I don't know if it's THAT crazy. It certainly wouldn't be the only case where competitors shared expensive infrastructure.


----------



## Michael P (Oct 27, 2004)

No bandwidth would be saved since E* and D* use sightly different encoding. As stated MPEG-4 may change this situation.

Also there is the probelm of "local avails" that both providers use to promote their programming (or sell as advertising time). If you can watch the same cable network side-by-side over both D* and E*. Some of the commecial breaks will be different - that's the local avail. If you have cable you will see commercials for your local car dealers during this time. You don't think that "Joe Jones Buick" actually bought time on the coast-to-coast CNN feed?


----------



## junki (Feb 19, 2004)

Michael P said:


> No bandwidth would be saved since E* and D* use sightly different encoding. As stated MPEG-4 may change this situation.
> 
> Also there is the probelm of "local avails" that both providers use to promote their programming (or sell as advertising time). If you can watch the same cable network side-by-side over both D* and E*. Some of the commecial breaks will be different - that's the local avail. If you have cable you will see commercials for your local car dealers during this time. You don't think that "Joe Jones Buick" actually bought time on the coast-to-coast CNN feed?

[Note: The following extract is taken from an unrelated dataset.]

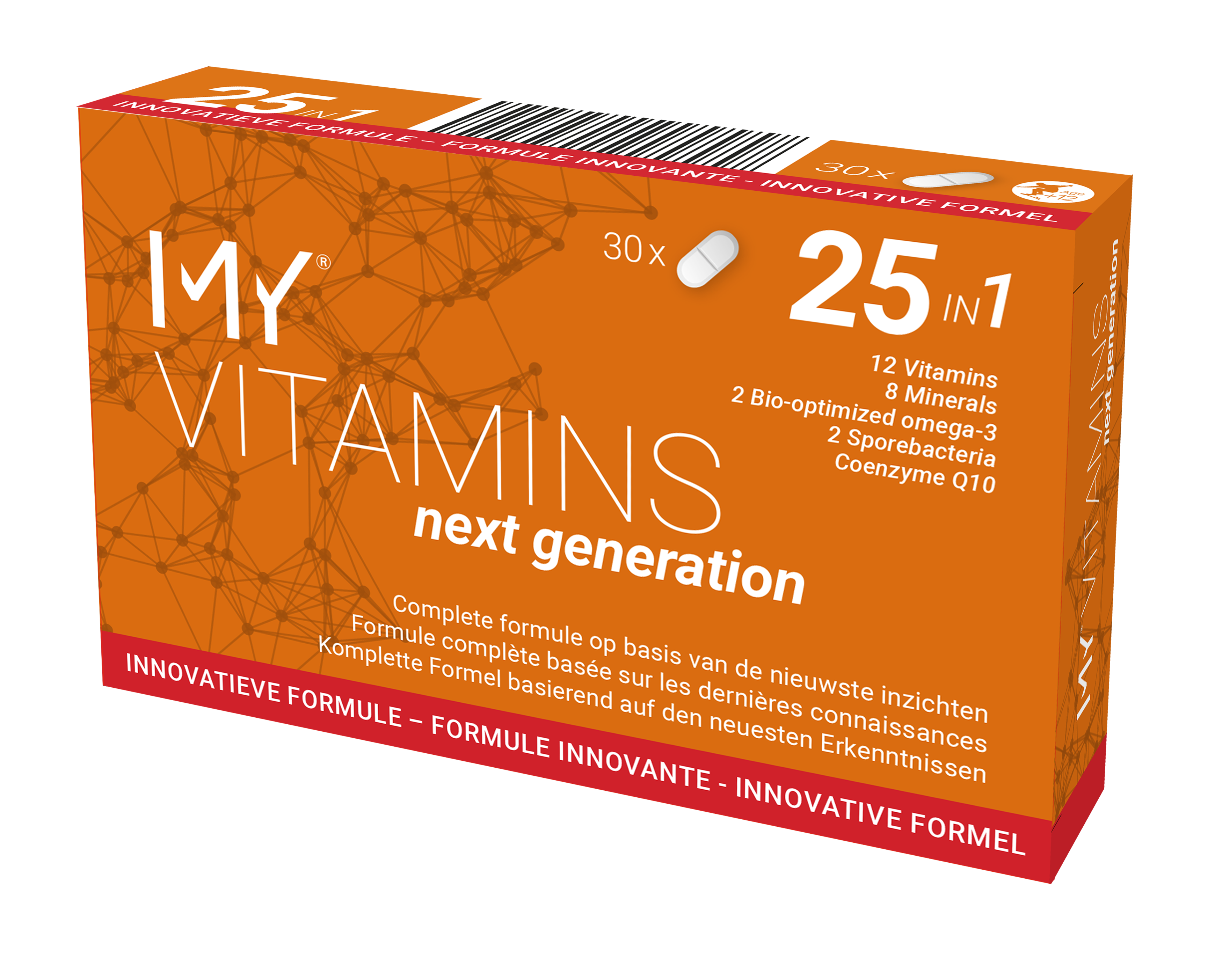 MY®VITAMINS Next Generation is a 25-in-1 comprehensive daily supplement combining 12 vitamins, 8 minerals, omega-3 fatty acids (EPA & DHA), sporebiotics®, and coenzyme Q10 to support overall health and vitality.
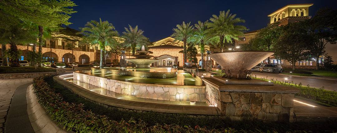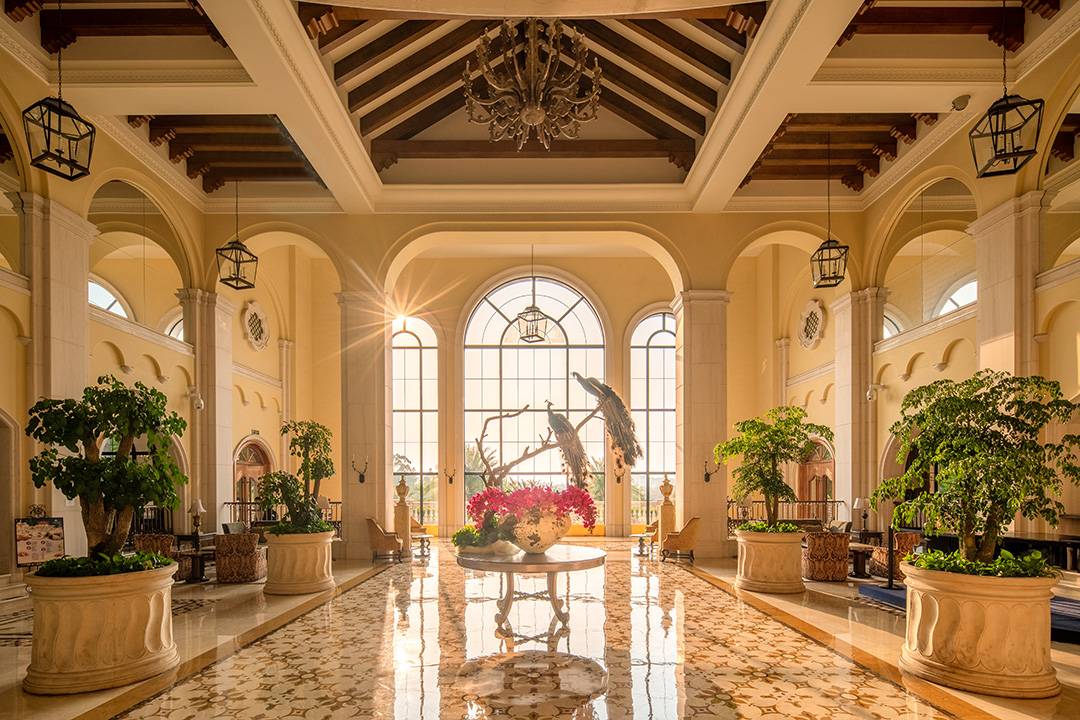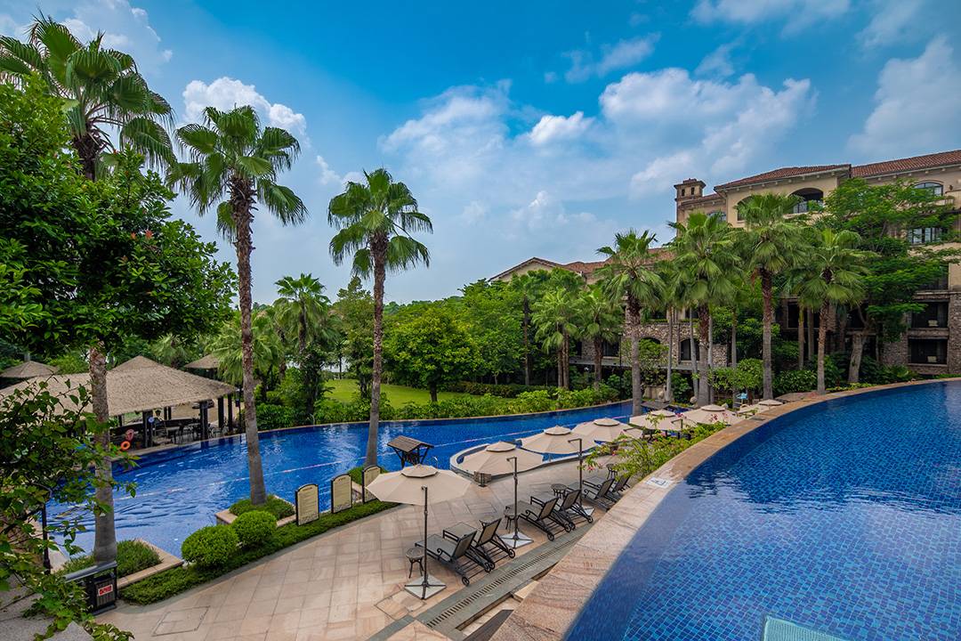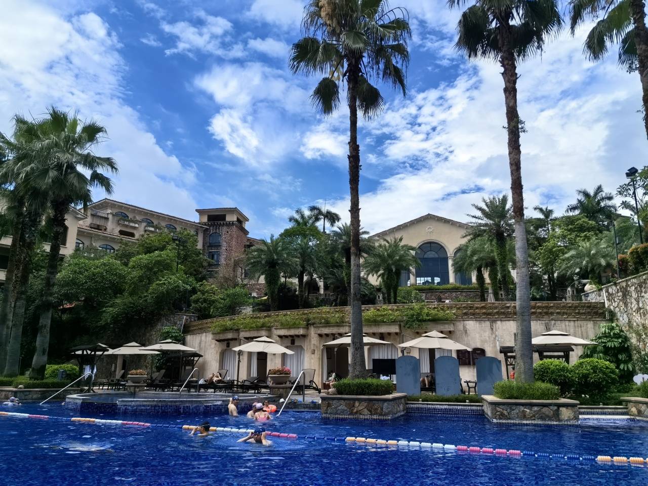 酒店按白金五星标准建造的,以“意大利山城”为主题打造,依山势而建,层叠错落有致,环360风景,南加州建筑风格尽显异域风情魅力

I think you are trying to say the same Satellites in the sky would be used? I think, maybe thats your input? What i meas is that both D and E Use 2 out of the 3 same locations to beam down to the dish on your home. It would make alot of sense to me anyways to use the same type of Reflector/Polar Plate and LNBF for either D or E. I understand the locations are off by inches here on earth but an adjustment on the Elevation or Skew would be a lot easier the changing the dish out. Am I ASS-U-ME-ing that would make sense?


----------